=== The task ===
Exactly reproduce the lines from the line bearing "Salle de gymnastique (They 1)" through the end of the listing, inclusive of both; pictures are to be omitted.

··· Given data

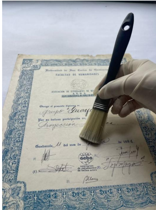
Ilustración 1. Fotografía que muestra la forma en que se realizó la limpieza mecánica de los documentos.
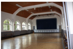
Salle de gymnastique (They 1)
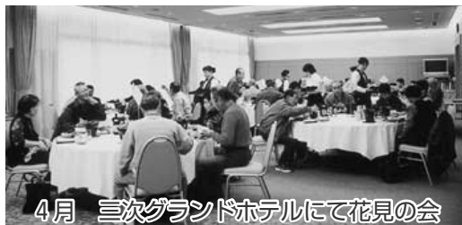
4月 三次グラウンドホテルにて花見の会

あけましておめでとうございませう。会員の皆様におかれましては、つつがなくご健勝のことと心よりお喜び申し上げます。平素は当互助会の運営に格別のご支援を賜り厚くお礼申し上げます。(社)甲田町シルバー人材センターは平成十七年四月一日をもって、(社)安芸高田市シルバー人材センターに統合されました。

······

=== Written reply ===
Salle de gymnastique (They 1)
4月 三次グラウンドホテルにて花見の会

あけましておめでとうございませう。会員の皆様におかれましては、つつがなくご健勝のことと心よりお喜び申し上げます。平素は当互助会の運営に格別のご支援を賜り厚くお礼申し上げます。(社)甲田町シルバー人材センターは平成十七年四月一日をもって、(社)安芸高田市シルバー人材センターに統合されました。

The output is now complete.